Uma moral que extraí da leitura de “Histoire des palais” é a transitoriedade até mesmo do poder aparentemente mais sólido. O gradual fortalecimento, ao longo de 800 anos, com sobressaltos, dos Capetos e seus ramos Valois e Bourbon, que resultou na unificação territorial da França e no absolutismo, é eliminado em um par de anos, entre 1789 e 1792. Edificados durante séculos, os palácios da dinastia são rapidamente apropriados por novos governantes, sobretudo aqueles situados em Paris e seu entorno. Versalhes, com sua excessiva carga simbólica, é a exceção.

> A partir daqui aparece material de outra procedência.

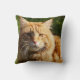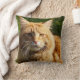 Este travesseiro tem uma foto de um gato de casa laranja giro nele.
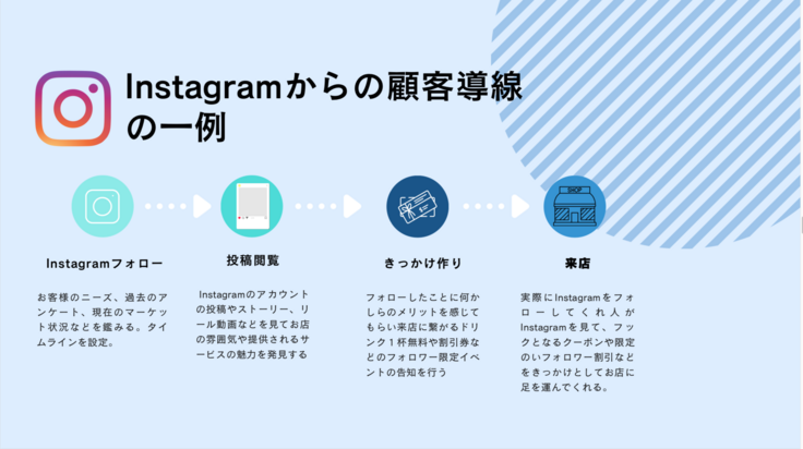 この顧客導線を丸裸にし、Instagramはもちろんなのですが他にどこが弱く顧客がどこで離脱してしまっており来店につながっていないのかを分析し弱点に対して適切なサービスをご提案することができます。

O Palácio das Tulherias, última morada de Luís XVI e Maria Antonieta antes da sua prisão e da abolição da monarquia em setembro de 1792, é o caso mais emblemático. Já em maio de 1793, lá se instala a Convenção Nacional revolucionária. Como aponta Sarmant, todos os regimes do século XIX que governaram a partir das Tulherias “buscaram o fausto monárquico, na suposição de que assim impressionariam os franceses, mas isso não salvou nem Napoleão I em 1814, nem Carlos X em 1830, nem Luís Filipe em 1848, nem Napoleão III em 1870”.
O Élysée tornou-se residência dos presidentes porque, apesar de suas conexões monárquicas – pertenceu a Luís XV; à sua favorita, a marquesa de Pompadour; a Napoleão I, que lá abdicou pela segunda vez em 1815 (e antes disso à sua irmã, Caroline Murat, rainha de Nápoles); e a Napoleão III – é um palácio de segunda divisão. Luxuoso, mas pequeno para padrões reais, e nunca residência oficial de soberanos franceses. Fica a dúvida no leitor se, caso as Tulherias não tivessem sido incendiadas pela Comuna em 1871, o regime republicano não teria cedido à tentação de lá se instalar.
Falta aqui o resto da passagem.